29 April 2026 • 3:10 PM - 3:40 PM EDT | Chesapeake 5

Abstract

Foundation models have demonstrated substantial performance gains across domains. In Earth science, Google’s AlphaEarth Foundation (AEF) model has outperformed conventional spaceborne imagery in many applications. Pre-trained on diverse datasets—including Landsat, Sentinel-2, Wikipedia vector layers, GEDI canopy heights, and Copernicus DEM—AEF shows strong capability in 2D classification tasks. However, its utility for 3D applications, particularly integration with airborne laser scanning (ALS) or spaceborne altimetry, remains less explored. This study evaluates AlphaEarth embeddings for predicting terrain elevation and canopy height across three ecoregions.

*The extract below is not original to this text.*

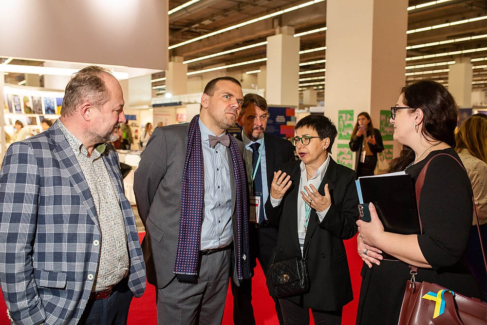 Леся Пахарина довідалася в організаторів та учасників національного стенда про їхню участь, враження від події та міжнародну підтримку України, яка переживає надважкі воєнні часи.

Using an XGBoost regressor, models were trained with ALS or ICESat-2 as reference data. Results indicate that AlphaEarth features alone are insufficient for accurate terrain prediction without additional inputs, despite elevation-related pretraining. In contrast, canopy height predictions show strong standalone performance. Comparisons with multispectral approaches highlight the promise of foundation models, while underscoring the continued need for high-fidelity laser data to calibrate and validate these methods.

Presenter

The Univ. of Texas at Austin (United States)
Lori Magruder is an Associate Professor in the Aerospace Engineering Department at the University of Texas at Austin and holds the Myron L. Begeman Fellowship in Engineering. Dr. Magruder is a subject matter expert in remote sensing remote sensing instrumentation, implementation, validation and 3D geospatial data exploitation. She also serves as the Director of the UT Center for Space Research, an organized research unit in the UT Cockrell School of Engineering. Dr. Magruder received her bachelor’s degree from The University of Southern California in Aerospace Engineering and her master’s degree from Princeton University in Mechanical an Aerospace Engineering. Her Ph.D. was earned from The University of Texas at Austin with a focus on ground-based validation studies for NASA’s ICESat mission. She has held positions at Jet Propulsion Laboratory and The Johns Hopkins Applied Physics Laboratory prior to returning to UT Austin. After 9 years of Science Team leadership on the NASA ICESat-2
Application tracks: AI/ML , Space
Author
Eric Guenther
The Univ. of Texas at Austin (United States)
Author
The Univ. of Texas at Austin (United States)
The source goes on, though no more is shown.